Coupling by reflection for controlled diffusion processes: turnpike property and large time behavior of Hamilton Jacobi Bellman equations

TL;DR

This paper studies the long-term behavior of controlled diffusion processes via Hamilton-Jacobi-Bellman equations, establishing convergence, ergodicity, and regularity results using a probabilistic coupling approach.

Contribution

It introduces a probabilistic coupling method for analyzing the large time behavior of HJB equations and proves new regularity and convergence results.

Findings

Proved existence and uniqueness of solutions for ergodic HJB equations.

Established exponential convergence rates for value functions and controls.
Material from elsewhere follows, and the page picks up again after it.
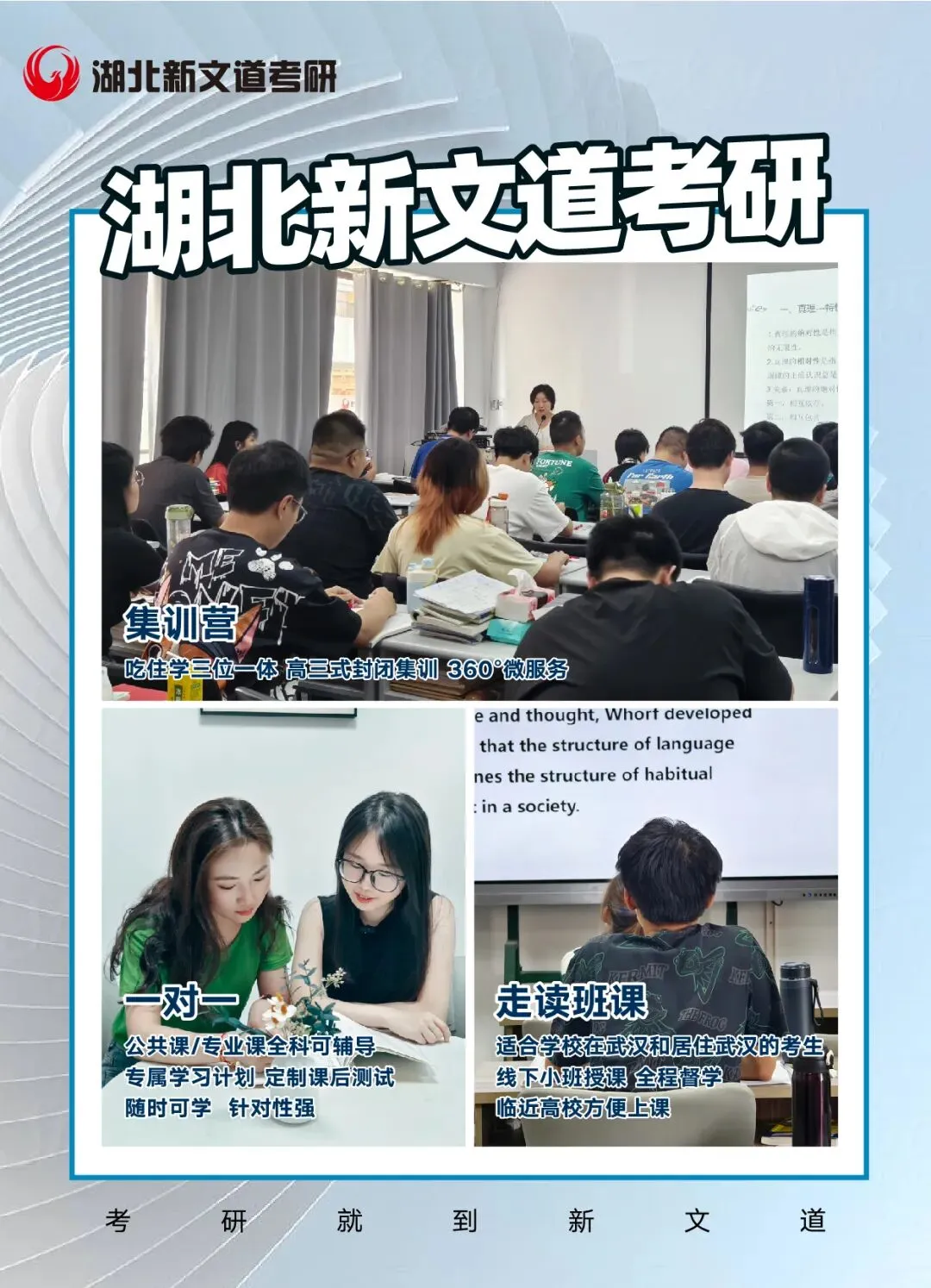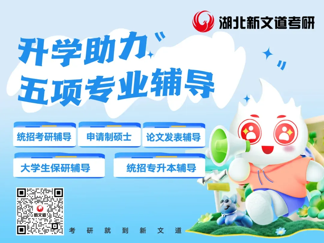 并且湖北新文道考研也会在你复习时,全程陪伴答疑解惑,做到有问题及时解决和巩固。

Provided uniform gradient and Hessian estimates for HJB solutions.

Abstract

We investigate the long time behavior of weakly dissipative semilinear Hamilton-Jacobi-Bellman (HJB) equations and the turnpike property for the corresponding stochastic control problems. To this aim, we develop a probabilistic approach based on a variant of coupling by reflection adapted to the study of controlled diffusion processes. We prove existence and uniqueness of solutions for the ergodic Hamilton-Jacobi-Bellman equation and different kind of quantitative exponential convergence results at the level of the value function, of the optimal controls and of the optimal processes. Moreover, we provide uniform in time gradient and Hessian estimates for the solutions of the HJB equation that are of independent interest.